22 The obligation on a tribunal to give particulars of information pursuant to s 424A(1) is subject to the provisions of subs (3). The applicant contends that the information in the two reports referred to in the reasons of the Tribunal is information about "another person" and so not excluded by s 424A(3)(a) from the obligation arising under s 424A(1). It is common ground that the information was not available to the Tribunal at the date of the hearing and came to its attention subsequently. Nothing is made of this in the case for the respondent. However, for the respondent it is contended that the information in question, to the extent it was not put to the applicant at the hearing, was not information that was part of the reason for the Tribunal affirming the decision under review. It is submitted for the respondent that the information on which the Tribunal partly relied to reach its decision was this, namely: the question that there did not appear to have been any publicity in Egypt concerning espionage cases in the circumstances raised in the applicant's claim and this would be unusual where Egyptian authorities have an interest in publicising such cases concerning spying for Israel. I accept that the Tribunal's reasons make apparent that at the hearing the issue of such publicity had been put to the applicant who responded to it, as the reasons of the Tribunal record. It was that aspect alone which formed part of the reasoning of the Tribunal for affirming the decision.
23 In the passage where the Tribunal referred to the two newspaper articles it did so to "provide some background on the reasons for and handling of espionage cases in Egypt". At the conclusion of the cited articles the general observation is extracted as to how such cases tend to occur in Egypt in response to developments in relation to Israel. In my opinion in any event the information was therefore not "specifically" about "another person" but rather was illustrative of the way in which persons charged with espionage generally in Egypt are dealt with and addressed the class of which the applicant is said to be a member. In the event that is not correct, the information would nevertheless not qualify for notification under s 424A(1) because, for reasons given above, to the extent it was not put to the applicant at the hearing, it was not information which was part of the reason for the Tribunal's decision. That is made apparent by the last two quotations from the Tribunal's reasons on this issue set out above. The information which did not form part of the Tribunal's reasoning was limited to the issue of the absence of publicity of the case and that issue had been put to the applicant at the hearing.
24 Even if the s 424A point could be made out, provision of relief under s 481(1) is discretionary.

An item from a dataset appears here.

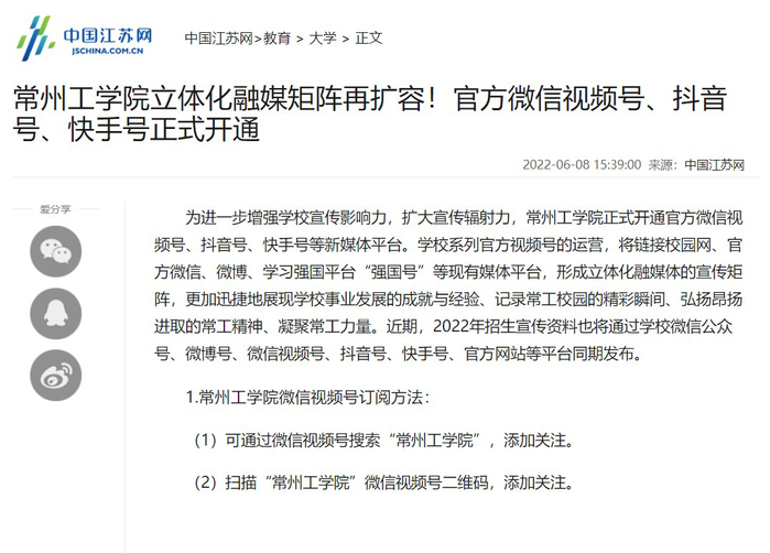 为进一步增强学校宣传影响力,扩大宣传辐射力,常州工学院正式开通官方微信视频号、抖音号、快手号等新媒体平台。学校系列官方视频号的运营,将链接校园网、官方微信、微博、学习强国平台“强国号”等现有媒体平台,形成立体化融媒体的宣传矩阵,更加迅捷地展现学校事业发展的成就与经验、记录常工校园的精彩瞬间、弘扬昂扬进取的常工精神、凝聚常工力量。近期,2022年招生宣传资料也将通过学校微信公众号、微博号、微信视频号、抖音号、快手号、官方网站等平台同期发布。

In circumstances where the issue of publicity was put to the applicant at the hearing it does not seem presently apparent that the applicant could establish that the breach denied him a successful outcome. This issue, however, was not argued and I do not reach a concluded view on it.
25 In the course of argument attention was directed to the decision in Schwallie v Minister for Immigration & Multicultural Affairs [2001] FCA 417. There O'Loughlin J allowed an application for review on the ground that the reference to another person in the reasons of the tribunal there under review "loomed large" in the tribunal's reasons. In my opinion that is distinguishable from the present case where attention was directed to the two newspaper articles and the point drawn from them concerning publicity and no further reference was made to any other person the subject of those articles.
26 Accordingly, I agree with the respondent that the information relied upon to support this ground of review is neither information which falls within s 424A(1)(a) nor within s 424A(3)(a).
27 Accordingly this ground of review cannot succeed.